ラウデタイトに確実に直撃したはずなのに……………まったくひるまず歩み寄ってくる…………


「くそっ!!アトリバーインパクト!!!!アトリバーインパクト!!!!!」


「クハハハハハ!!!無駄ですよ。」


う、うそだろ……………


「さて、あなたが精霊王の生まれ変わりですか。いいように使わせてもらいますよ?」


ラウデタイトの杖の小さな6つのオーブが光り輝く。

そのなかで紫がよりいっそう強い光を発した。


「ブハッ………………」


気づけば、口、鼻、目から血が出ていた。


「え?………」


吐血、鼻血、涙血。


「毒ですよ。」


毒!?オーブを光らせるだけでこんな強力な毒を……………


「ボハッ………」


だめだ…………吐血も鼻血も涙血も止まらない……………


「見苦しいですね。ライルト、殺して差し上げなさい」


「はい、さあ、死ねガオナ!!」


ライルトが発生させた雷はどす黒い紫だった。

手に雷撃をためて、


バアアアアアアアアアアアアアン!!!!!!


「ぐああああぁぁぁ!!!!!」


くらった。

だが、俺はこんな簡単に死ぬわけじゃない。

血が止まった。


「悪いなぁ……………こんな簡単に倒れる男じゃないんだよ……………」


自分でも驚くくらいガラガラの声だった。

まあ無理やり蘇生したみたいな感じだからな。

新能力。

それは強魔蘇生キョウマソセイ

強い魔力を捻り出すと一時的に命を取り留める。

そう、”一時的に”だ。

だが、その一時的は約10分とすこし長く、魔力をひねり出すことで通常のステータスを3倍にできる。

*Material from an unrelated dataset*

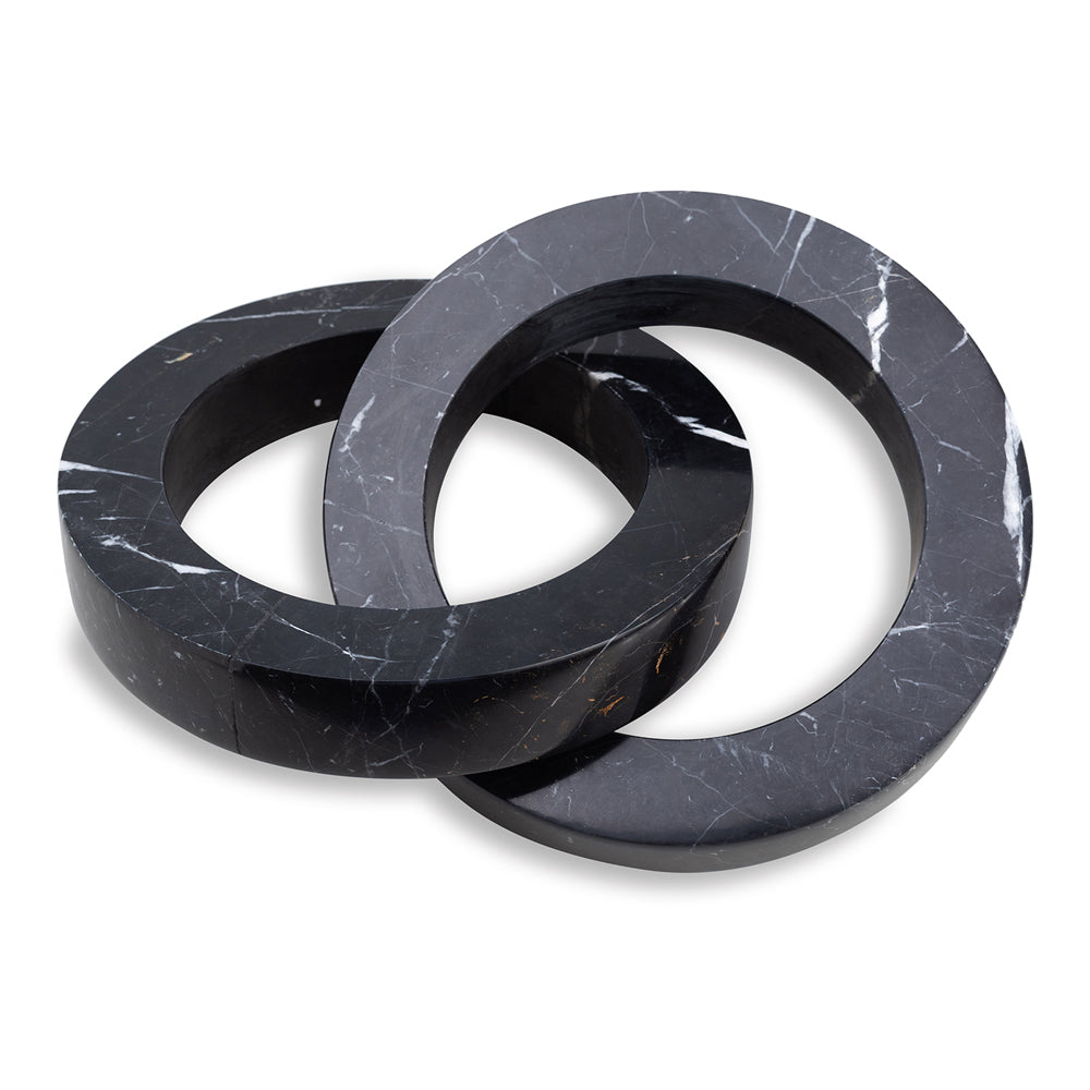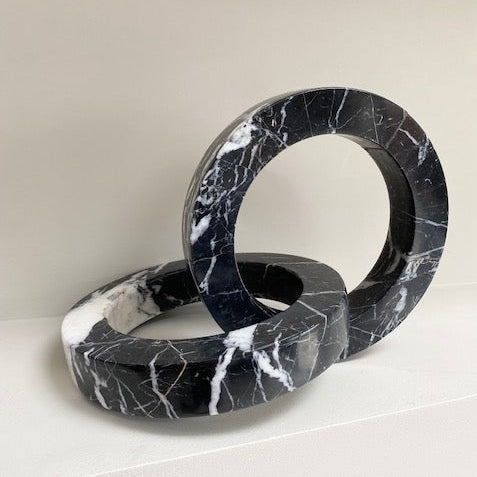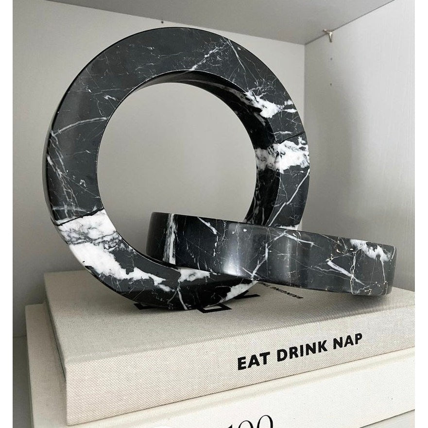 A true statement item, this abstract art-styled ornament is produced from circles of individually and uniquely patterned black marble with naturally occurring veins of white throughout.

ブオオオオオオオオオオオオオオオオ!!!!!!!!!!!!

自分の魔力がうるさい。


「ふむ、ならばこちらも……………」


ラウデタイトの白いオーブが強く光る。

地面から大量の巨大な白い尖った物体が飛び出してきた。

だが、俺は高く飛び上がってよける。

『ついでに』カプセルを破壊する。


「フェルス」


バアアアアアアアアアアアアアン!!!!!!


「なんだって!?」


ラウデタイトがめちゃくちゃ焦る。

そしてラウデタイトとライルトにむかって撃つ。


「アトリバーインパクト!!」


「ぐあああああぁぁぁぁぁ!!!!」


ラウデタイトの悲鳴かと思ったが、ライルトの悲鳴だった。

ラウデタイトは今の攻撃を食らってなお傷一つついていない。

どんな威力でも攻撃を通さないなにかがあるのだろうか?


「「「ガオナ!!!」」」


英雄精霊のみんなが駆け寄ってくる。


「みんな、俺は大丈夫だ。戦いに巻き込まれないように召喚しょうかんにいてくれ」


というとみんなは頷き、消えた。

召喚の間は、契約者に召喚される前に来る場所。

精霊自身からいくこともできる。

そこからは契約者の今起きてる出来事を見ることができる。

さらに精霊界と人間界の境目で精霊以外は来ることができない。

そこなら安全だ。


「ライルトを一発で気絶させてしまうとはね。さすがです。」


「お前は焦ってないな。」


「ええ、私は絶対に攻撃を食らいませんから。」


絶対か。

まあ、努力はしてみよう。


精霊セイレイチカラ


新能力。

アトリバーインパクトよりも威力が高い精霊王のみ使うことができる技だ。

もう俺は10分たてば死ぬ。

だから俺の力を全て出すことができる。

そしてその精霊ノ力でも奴には効かない。


「最後の力を振り絞っているんでしょう?もうしばらくするとあなたは死ぬ。ですが私のいうことを聞けばまだ生きることができます。」


いったい何を企んでいるのかわからないが、俺はこいつの言いなりになるつもりはない。


「あなたは私にダメージを与えることができない。攻撃するだけ無駄です。」


そうだな。

でもやれることはやってみたいだろ?

俺は10分間、ずっと高火力技をこいつに撃ち続ける。